What the task requires -> Copy the data exactly. Images are the one exception.

Recorded information ->
- Opening Delimiter -

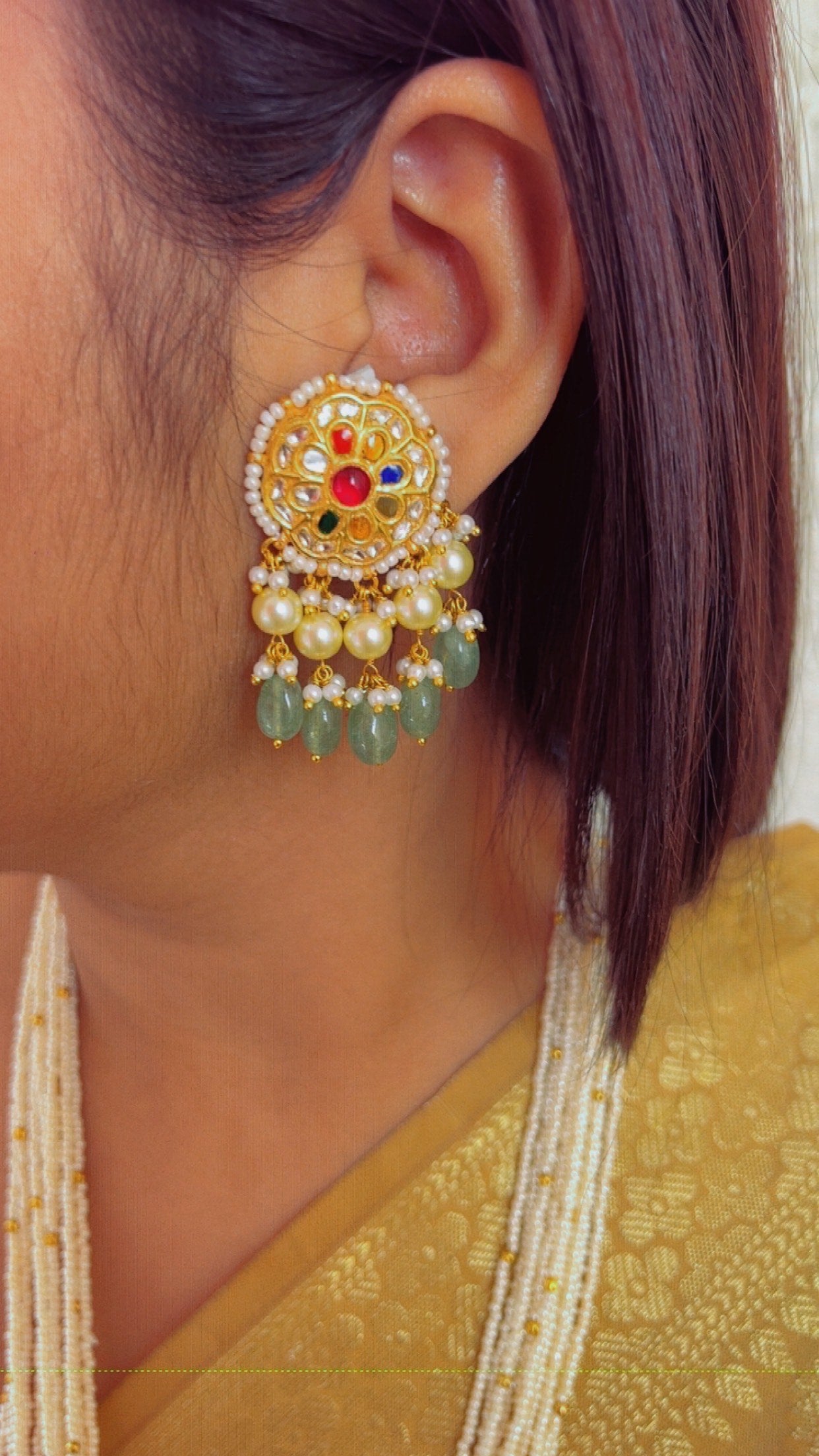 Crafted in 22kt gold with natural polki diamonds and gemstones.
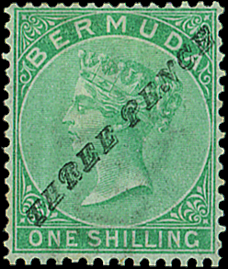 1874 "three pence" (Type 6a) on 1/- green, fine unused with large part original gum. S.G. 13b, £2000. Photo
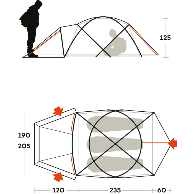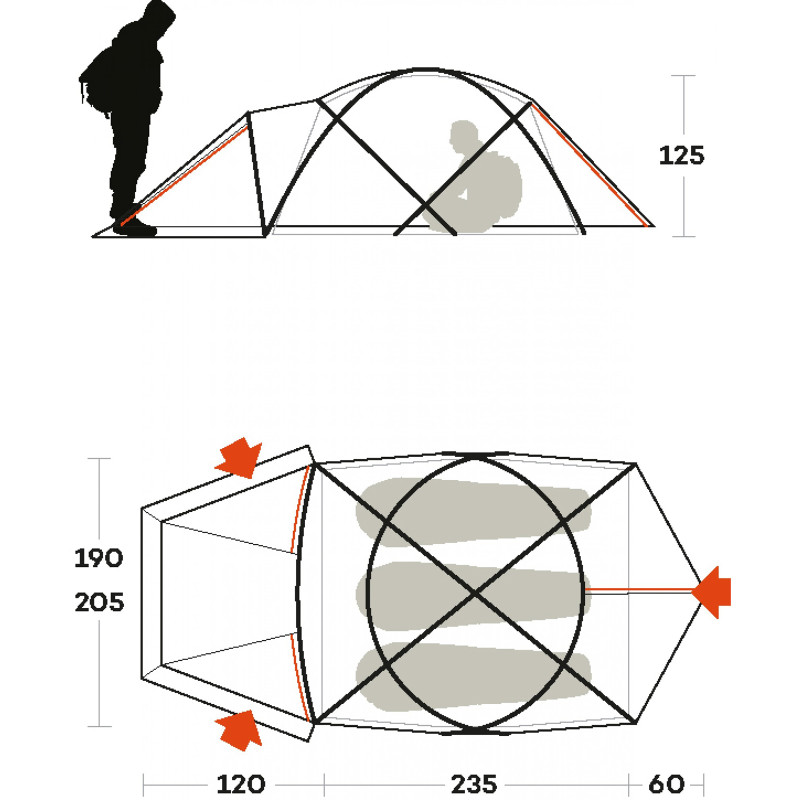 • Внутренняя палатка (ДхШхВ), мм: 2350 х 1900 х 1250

- Closing Delimiter -

Answer for the task ->
 Crafted in 22kt gold with natural polki diamonds and gemstones.
 1874 "three pence" (Type 6a) on 1/- green, fine unused with large part original gum. S.G. 13b, £2000. Photo
 • Внутренняя палатка (ДхШхВ), мм: 2350 х 1900 х 1250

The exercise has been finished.